Please output every line of the material as it stands, without the pictures.

• Data section:
*** Begin section ***

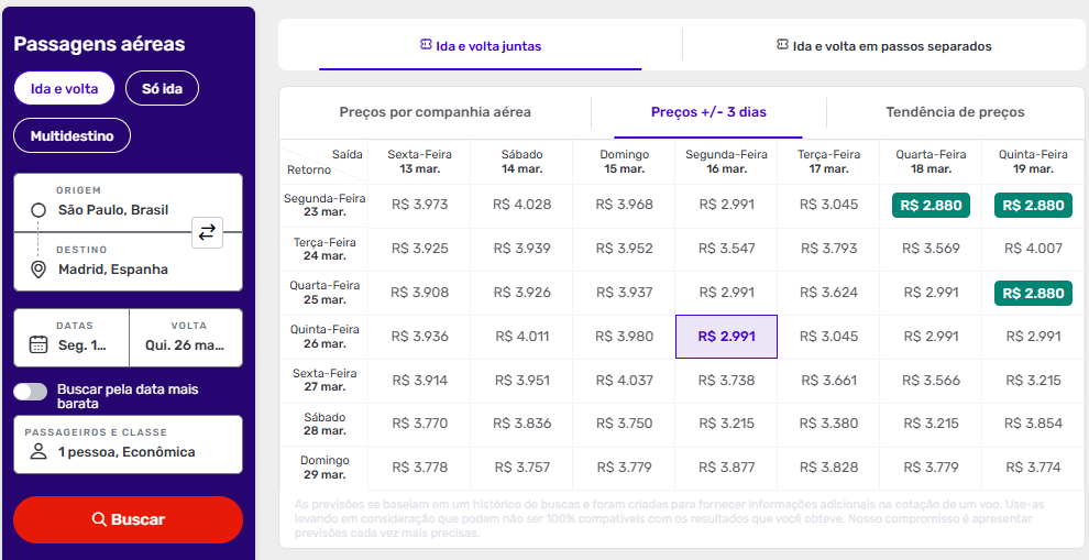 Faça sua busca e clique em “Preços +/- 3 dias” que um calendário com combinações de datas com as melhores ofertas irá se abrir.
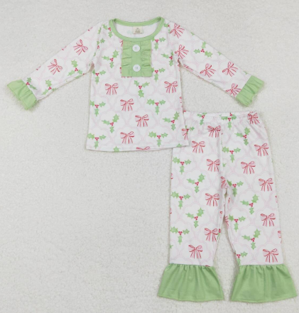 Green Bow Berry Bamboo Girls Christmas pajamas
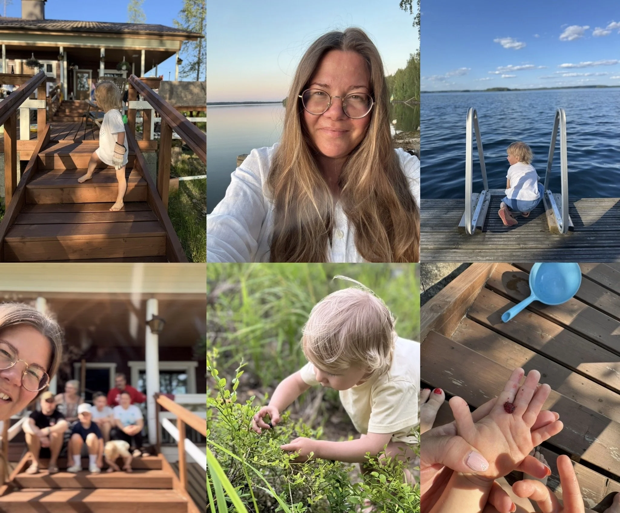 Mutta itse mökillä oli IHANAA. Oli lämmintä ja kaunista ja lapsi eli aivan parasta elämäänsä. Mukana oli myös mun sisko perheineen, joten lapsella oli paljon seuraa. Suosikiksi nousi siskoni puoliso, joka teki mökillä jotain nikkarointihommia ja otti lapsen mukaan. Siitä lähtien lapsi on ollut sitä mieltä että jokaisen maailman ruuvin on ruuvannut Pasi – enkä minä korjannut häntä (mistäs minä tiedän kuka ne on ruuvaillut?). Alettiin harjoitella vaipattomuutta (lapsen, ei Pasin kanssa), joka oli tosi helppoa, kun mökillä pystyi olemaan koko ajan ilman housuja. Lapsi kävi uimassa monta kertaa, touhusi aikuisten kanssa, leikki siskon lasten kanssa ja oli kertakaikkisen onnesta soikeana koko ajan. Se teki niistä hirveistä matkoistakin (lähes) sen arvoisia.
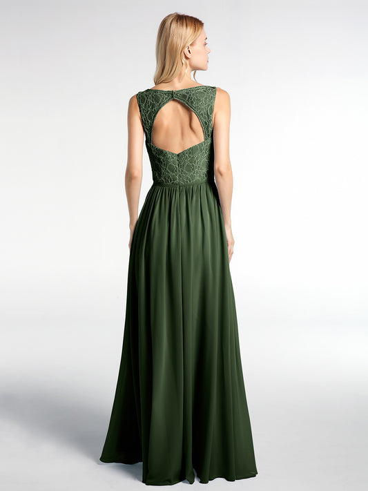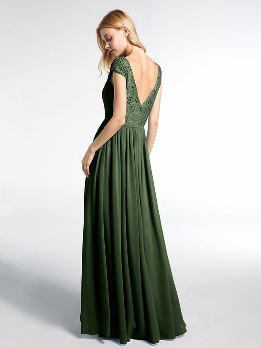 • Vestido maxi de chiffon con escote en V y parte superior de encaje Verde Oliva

*** End section ***

• Result for this exercise:
 Faça sua busca e clique em “Preços +/- 3 dias” que um calendário com combinações de datas com as melhores ofertas irá se abrir.
 Green Bow Berry Bamboo Girls Christmas pajamas
 Mutta itse mökillä oli IHANAA. Oli lämmintä ja kaunista ja lapsi eli aivan parasta elämäänsä. Mukana oli myös mun sisko perheineen, joten lapsella oli paljon seuraa. Suosikiksi nousi siskoni puoliso, joka teki mökillä jotain nikkarointihommia ja otti lapsen mukaan. Siitä lähtien lapsi on ollut sitä mieltä että jokaisen maailman ruuvin on ruuvannut Pasi – enkä minä korjannut häntä (mistäs minä tiedän kuka ne on ruuvaillut?). Alettiin harjoitella vaipattomuutta (lapsen, ei Pasin kanssa), joka oli tosi helppoa, kun mökillä pystyi olemaan koko ajan ilman housuja. Lapsi kävi uimassa monta kertaa, touhusi aikuisten kanssa, leikki siskon lasten kanssa ja oli kertakaikkisen onnesta soikeana koko ajan. Se teki niistä hirveistä matkoistakin (lähes) sen arvoisia.
 • Vestido maxi de chiffon con escote en V y parte superior de encaje Verde Oliva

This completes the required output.